Similarly, Australia is considering exporting more LNG to Europe. Keith Pitt, Australia’s resources minister, recently said Australia is “a leading and reliable global exporter of LNG” and stands ready to assist with further supplies. And Qatar and Japan are also seizing the opportunity, eyeing an increase of LNG exports to Europe.
Yet firms in Canada, despite having ample reserves, have not stepped up to export desperately needed natural gas to Europe. Why?

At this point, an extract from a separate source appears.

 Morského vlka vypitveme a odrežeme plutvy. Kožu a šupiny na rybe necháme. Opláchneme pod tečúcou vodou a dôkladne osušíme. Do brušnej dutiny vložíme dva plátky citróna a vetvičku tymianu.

Simply put, despite producing 16.1 billion cubic feet of natural gas each day, Canada does not have any LNG export facilities—an astonishing fact for such a resource-rich country. According to Natural Resources Canada, 18 LNG export facility projects have been proposed in Canada since 2011 (specifically, 13 in British Columbia, two in Quebec and three in Nova Scotia). One export facility in B.C. is under construction. For comparison, between 2014 and 2020, the U.S. built seven LNG export facilities and approved 20 more (five are currently under construction).

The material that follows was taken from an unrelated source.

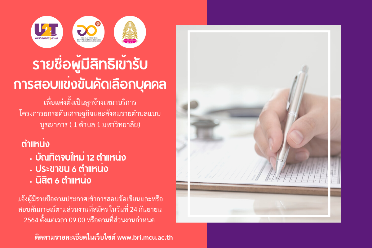 ประกาศรายชื่อผู้มีสิทธิ์สอบสายนักวิชาการ

The culprit? Canada’s arduous regulatory system—and fierce opposition from interest groups—has led to the cancellation of several critical LNG projects. For example, in 2017, oil and gas company Petronas cancelled its $36 billion Pacific NorthWest LNG project due to “delays and long regulatory timelines” coupled with poor market conditions. In 2020, Warren Buffet pulled out of a proposed $9 billion LNG project in Quebec amid concerns over regulatory challenges and railway blockades. Last year, joint venture partners Chevron and Woodside Energy stated their intention to sell their shares of the Kitimat LNG project in northern B.C. after more than a decade of slow progress.
A 2020 study by the Canadian Energy Research Institute assessed the competitiveness of Canada’s regulatory framework for the oil and gas sector (at the federal and provincial levels) compared to the U.S. and found that Canada had a competitive disadvantage with LNG projects, which take approximately 19 more months to gain approval in Canada compared to the U.S.
Of course, strong environmental protections are necessary; Canadians demand responsible stewardship of the environment. But excessive regulatory barriers and opposition to energy infrastructure have hurt our LNG industry and also in fact contributed to higher global emissions. China—a potential customer for Canadian LNG—is burning coal for power generation at staggering levels. If Canada owned the export capacity to ship Canadian LNG, China’s emissions would be lower as natural gas is less emission-intensive than coal.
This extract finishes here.